PRESIDENTIAL CAMPAIGN FINANCING
Remember their self-congratulatory "Pledge to America" which stung Democrats for "limiting openness and debate" and vowed to "ensure that bills are debated and discussed in the public square"? Remember how Speaker John Boehner's first words out of his mouth after taking control of the House were about "real transparency" and "greater accountability"? He declared, "we will welcome the battle of of ideas, encourage it, and engage in it--openly, honestly, and respectfully."
I don't know who the "we" is here but either "we" is a figment of Boehner's imagination or "we" have short term memory loss or "we" is up to Republican dirty tricks.
Without one committee debate, without one hearing, and with little fanfare, Republicans plan to rush a bill to the floor Wednesday that would eliminate the federal government's presidential financing system, which has been around since the aftermath of Watergate--another era of Republican dirty tricks.
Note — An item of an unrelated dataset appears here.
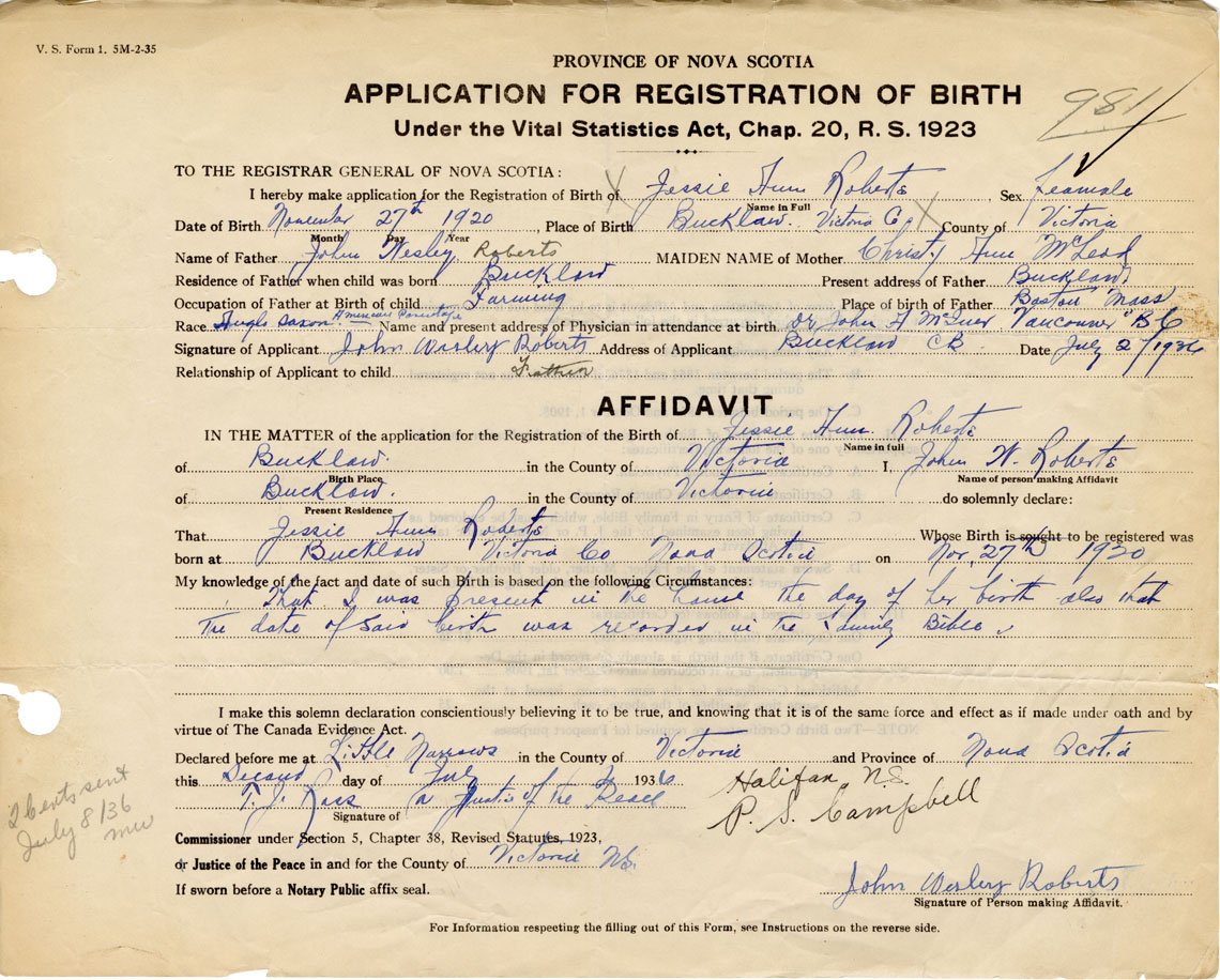 Signature of Applicant John Wesley Roberts Address of Applicant Bucklaw, Victoria Co. Date 2 July 1936

In case Sarah Palin and Michele Bachmann happen to be reading this, the Presidential Election Fund was created by Congress so that candidates wouldn't have to rely on corporations and deep-pocketed donors to finance their campaigns. It provides matching tax dollars to the small donations received by candidates who agree to publicly finance their campaigns, instead of relying on private donations. The voluntary donation is a whopping three bucks.
Since 1976, every Democratic and Republican presidential candidate has used the public financing system except Barack Obama's 2008 campaign. Obama opted out of the program and instead raised $745 million from small and large private donors and corporations, according to the Center for Responsive Politics.Legislative reform to the bill to make presidential public financing more competitive has received wide bipartisan support over the years:
More recently, Rep. David Price (D-NC) introduced the Presidential Fund Act, which would notably increase the funds available to candidates who opt in to public financing. In 2007, when Price introduced his bill, cosponsors included three Republicans—Reps. Mike Castle of Delaware, Todd Platts of Pennsylvania, and Shays. (Castle and Shays no longer hold office.) Price offered the bill again in 2010, and says he intends to offer it yet again in the 112th Congress. As for the Republicans' plan to gut public financing, Price remarks that it "looks like the Republican Party moving to toss red meat to the tea party."Reform experts say if it passes, "it will roll back more than 30 years of law born out of the Watergate scandal, eviscerating one of the few remaining protections stopping corporations from heavily influencing, if not outright buying, American elections."
To see what other sneak attacks Eric Cantor is buzzing about, go to majority leader dot com/you cut. You can vote for, but not against, three different proposals. You can also "suggest" ways to cut federal spending. For a start, I'd like to suggest cutting congressional salaries and increasing the number of days congressmen must be in session, and, probably even more importantly since they don't accomplish anything anyway, repealing their free government health care. They should have to work for it.
RAPE REPUBLICAN STYLE
This was the title I used in an article stinging 30 Republican Senators who voted against the Jamie Leigh Jones' anti-rape bill last October. Obviously the GOP still has women issues because they're trying to rewrite the definition of rape--one of their "you cut" measures that the House Majority Leader seems to have overlooked on his web page.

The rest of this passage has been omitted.